■ Dataset section:

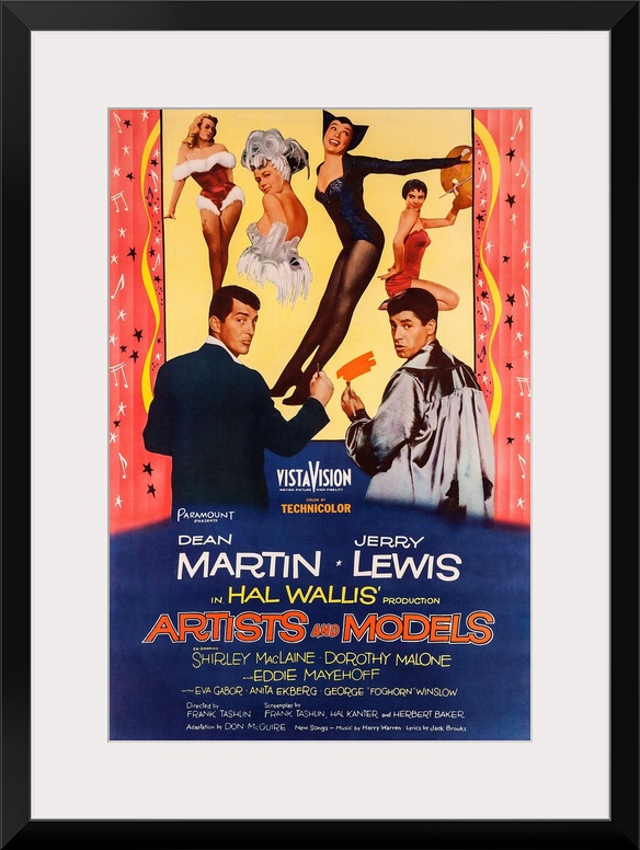 <p>ARTISTS AND MODELS, US poster art, from left: Dean Martin, Shirley MacLaine, Jerry Lewis, 1955.</p>
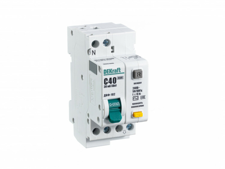 Автоматический выключатель дифференциального тока серии ДИФ-102 Dekraft; 1P+N; ном.ток 40 А; характеристика C; откл.способность Icn = 4,5 kA; ток утечки 30 мА; тип - АС; блок дифф.защиты – электронный; ширина – 2 мод. х 18 мм; монтаж – на DIN-рейку. АВДТ применяются в сетях напряжением до 220 В пер.тока для защиты человека от поражения электрическим током и электроустановок от сверхтоков и токов утечки. Аппараты ДИФ-102 являются более компактным вариантом АВДТ по сравнению с серией ДИФ-101.
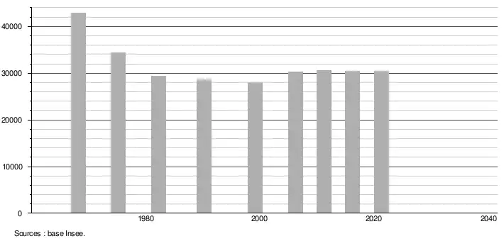 - Population municipale légale en vigueur au 1er janvier 2024, millésimée 2021, définie dans les limites territoriales en vigueur au 1er janvier 2023, date de référence statistique : 1er janvier 2021.
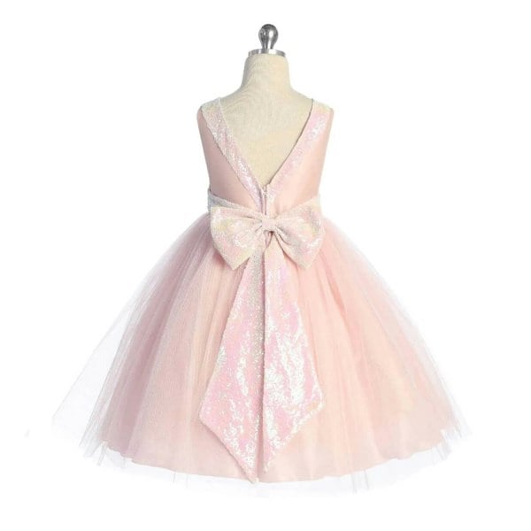 Dupioni bodice with layers of glitter tulle skirt and baby pink iridescent sequin waist trim. The back bodice has a dramatic V accented design with pink iridescent sequins. Dress is finished with a sequin bow in the back to make this the perfect party dress.

■ Work to be completed: Using the listing above, reproduce word for word every line from the one containing "Автоматический выключатель дифференциального" through the one containing "- Population municipale". Pictures must be left out.

■ Exercise response:
 Автоматический выключатель дифференциального тока серии ДИФ-102 Dekraft; 1P+N; ном.ток 40 А; характеристика C; откл.способность Icn = 4,5 kA; ток утечки 30 мА; тип - АС; блок дифф.защиты – электронный; ширина – 2 мод. х 18 мм; монтаж – на DIN-рейку. АВДТ применяются в сетях напряжением до 220 В пер.тока для защиты человека от поражения электрическим током и электроустановок от сверхтоков и токов утечки. Аппараты ДИФ-102 являются более компактным вариантом АВДТ по сравнению с серией ДИФ-101.
 - Population municipale légale en vigueur au 1er janvier 2024, millésimée 2021, définie dans les limites territoriales en vigueur au 1er janvier 2023, date de référence statistique : 1er janvier 2021.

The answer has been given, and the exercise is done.